Biélorussie : L’Union Européenne va sanctionner les responsables de la répression

L’Union européenne a décidé, vendredi 14 août, de sanctionner la répression en Biélorussie après la réélection contestée du président Alexandre Loukachenko.

« L’UE va maintenant lancer un processus de sanctions contre les responsables des violences, arrestations et fraudes liées à l’élection » présidentielle en Biélorussie, a annoncé la ministre des Affaires étrangères suédoise, Ann Linde, à l’issue d’une vidéoconférence avec ses homologues.

« Nous assistons à un terrorisme d’État en Biélorussie. C’est clairement inacceptable en Europe au XXIe siècle », a dénoncé le chef de la diplomatie du Luxembourg Jean Asselborn.
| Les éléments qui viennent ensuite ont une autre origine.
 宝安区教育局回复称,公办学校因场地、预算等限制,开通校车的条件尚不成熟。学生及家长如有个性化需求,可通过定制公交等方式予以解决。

La France est « pleinement engagée sur le principe de sanctions individuelles ciblées et le soutien aux droits et aux libertés du peuple biélorusse », a assuré le Secrétaire d’État français aux Affaires européennes Clément Beaune dans un message sur son compte twitter.

Une liste de personnes accusées d’avoir organisé et procédé à la répression en Biélorussie va être établie et elle sera soumise pour approbation aux États membres.

Plan de médiation

La Biélorussie est toujours sous le coup d’un embargo sur les ventes d’armes et de matériel pouvant être utilisé pour la répression. Quatre personnes sont déjà interdites de séjour dans l’UE et leurs avoirs ont été gelés depuis 2016. Les nouveaux noms s’ajouteront à cette liste.
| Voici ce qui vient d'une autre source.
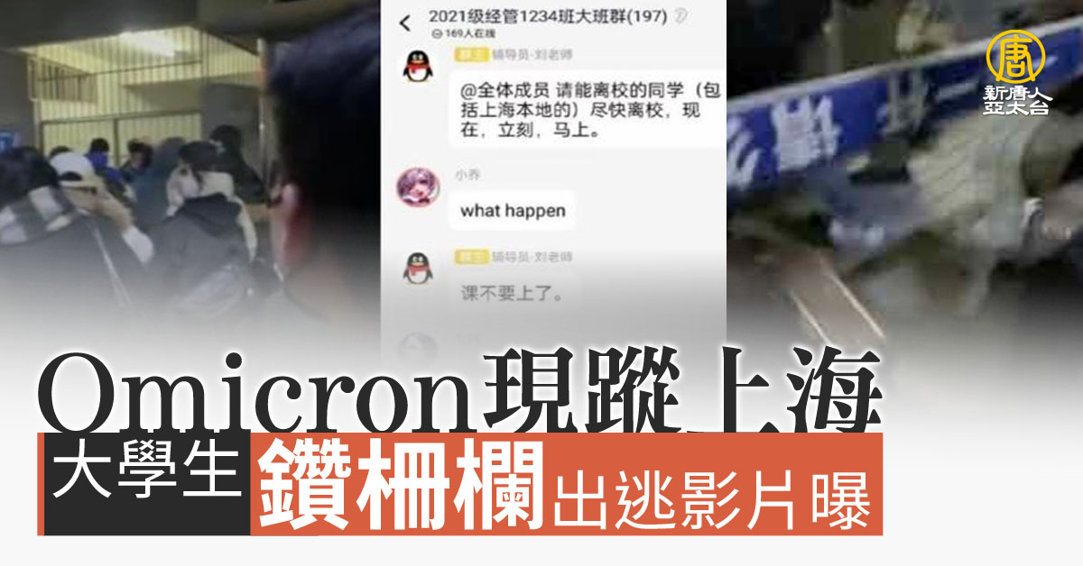 【新唐人亞太台 2022 年 01 月 15 日訊】中國疫情持續延燒,上海也已經淪陷,多所學校傳出停課甚至封校,網路上還傳出上海大學學生側拍逃出校園的影片,還有學校輔導員和導師要求學生迅速離校的對話截圖,在一夕之間登上熱搜。

L’UE veut forcer le président Loukachenko à s’engager sur un plan de médiation en trois points proposé par la Lettonie, la Lituanie et la Pologne, voisins de la Biélorussie.

La Pologne a préconisé vendredi l’organisation de nouvelles élections. « Elles doivent être équitables, avec des observateurs d’autres pays », a demandé le Premier ministre Mateusz Morawiecki.

L’opposante biélorusse Svetlana Tikhanovskaïa, réfugiée en Lituanie après avoir contesté la victoire d’Alexandre Loukachenko, a appelé vendredi à des « manifestations pacifiques » dans son pays durant le week-end.

Des milliers de manifestants ont été relâchés vendredi 14 août, alors que l’UE menaçait de punir la Biélorussie pour les fraudes lors de la présidentielle et la brutalité contre les opposants. Beaucoup témoignent avoir été battus ou torturés.

Des plaies mal refermées, d’énormes hématomes, des récits d’horreur. La brutalité de la répression post-électorale est apparue au grand jour, hier, à Minsk, alors que bon nombre des 7 000 manifestants arrêtés depuis lundi 11 août ont été libérés par le régime.

” On nous a battus sans arrêt, on était obligés de rester debout toute la nuit et on pouvait entendre les femmes crier sous les coups.” C’est une cruauté incompréhensible, témoignait un homme soigné devant le centre de détention Okrestina où des dizaines de bénévoles d’ONG et de simples citoyens attendaient avec des vivres, de l’eau, des compresses désinfectantes et des bandages.